フレイルの状態にある場合、身体的・精神的・社会的の3つの側面から総合的に働きかけることが大切です。
①食事
一人暮らしの高齢者は、一人で食事を取る孤食となりがちです。
孤食では食事の品数も減り、食べ食材も偏りやすくなります。
食欲も低下しやすく食べる量も減り、低栄養状態に陥りやすくなります。
そのため、積極的に友人や家族、地域の人などと食事の機会をつくり、低栄養を防いで心身の健康維持を保ちましょう。
筋肉を強く保つために、タンパク質を十分に摂ることも重要です。
②口腔ケア
加齢と共に口腔機能(噛む・飲み込む)が低下すると、硬い食材が食べられなくなり、むせやすくなります。
定期的に歯科健診を受けて口腔機能の低下を予防することや、噛みごたえのある食材を選んでよく噛んで食べることなどを意識し、食事の質を維持するようにしましょう。
③運動
厚生労働省は、「健康づくりのための身体活動指針」として、今より10分多く体を動かす「プラス・テン(+10)」の呼びかけを行っています。
出来るところから少しずつ、いつもより10分多く動かすように心がけて、運動の習慣を身に付けていきましょう。
④持病のコントロール
糖尿病や高血圧、腎臓病、心臓病、呼吸器疾患、整形外科的疾患などの慢性疾患がある場合には、悪化しないように良好な状態を保つことが大切です。
⑤感染症予防
高齢者の場合は、免疫力が低下していることが多いため、インフルエンザや肺炎などにかかりやすいといわれています。
インフルエンザや肺炎をきっかけに重症化して入院、さらには寝たきりになってしまうこともあります。

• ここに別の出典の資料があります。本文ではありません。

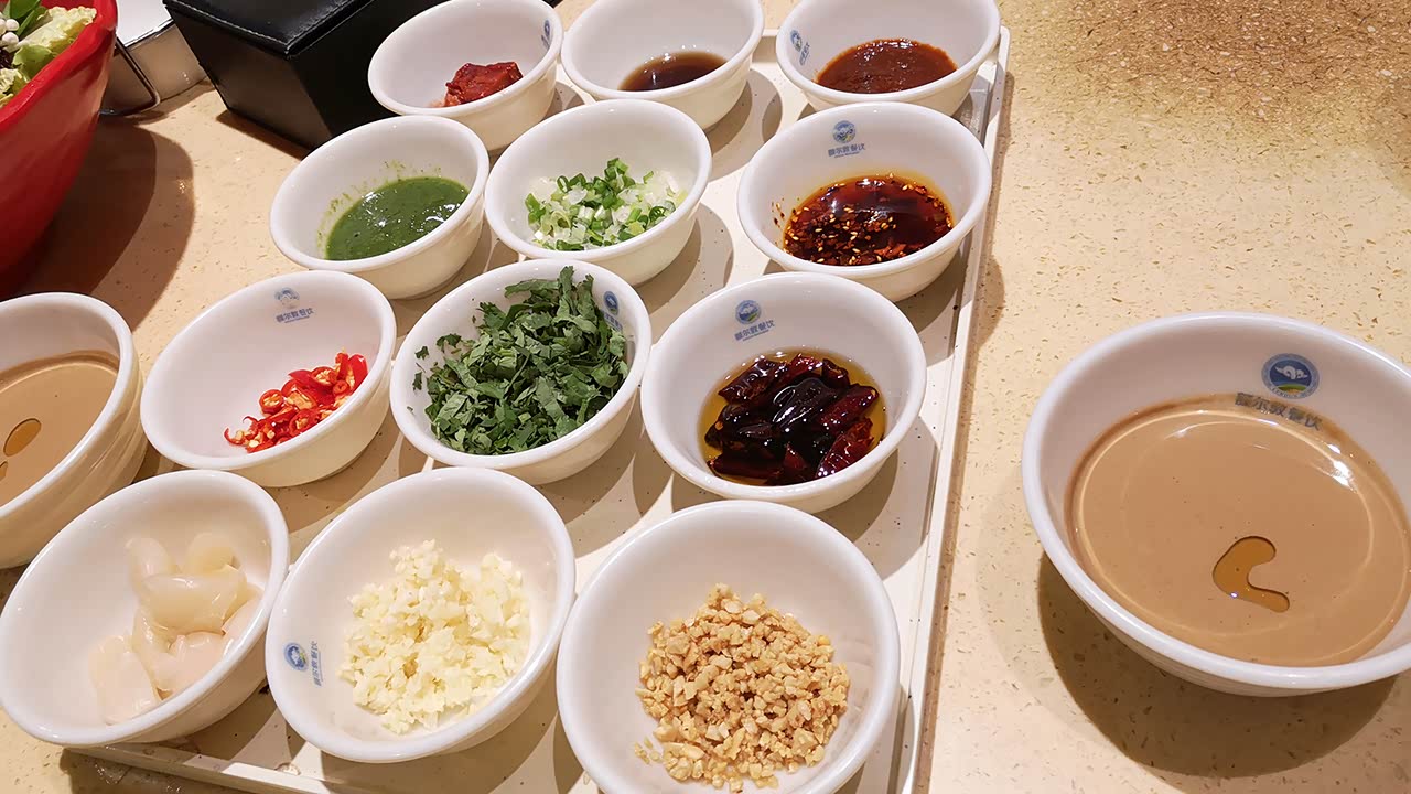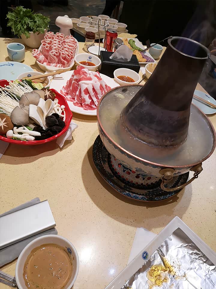 这家店的羊肉久涮不老,也不碎,也没有膻味,特别纯正特别好。调料也特别有仪式感,满满一桌子。大家吃得很开心,

日頃から適度な運動やバランスの良い食事などにより感染症に強い体づくりをするだけではなく、インフルエンザワクチンや肺炎球菌ワクチンを接種して予防しましょう。
⑥社会活動への参加
社会とのつながりを持たずに家に閉じこもりがちになると、生活面や精神面などの他の側面までもが低下をきたし、フレイルが重症化してしまいます。

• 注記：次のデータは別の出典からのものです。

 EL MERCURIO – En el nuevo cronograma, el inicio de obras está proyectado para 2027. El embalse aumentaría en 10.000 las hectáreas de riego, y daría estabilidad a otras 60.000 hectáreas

自分が得意なこと、出来ることを見つけて地域のボランティアなどに参加することで、生きがいややりがいを見出し、社会的な役割を再び取り戻して自信にもつながります。
活気や気力が湧き、いきいきと生活することで、心身ともに元気になります。
上記は、成人病予防対策研究会発行の「ほすぴ」より抜粋して記載しております。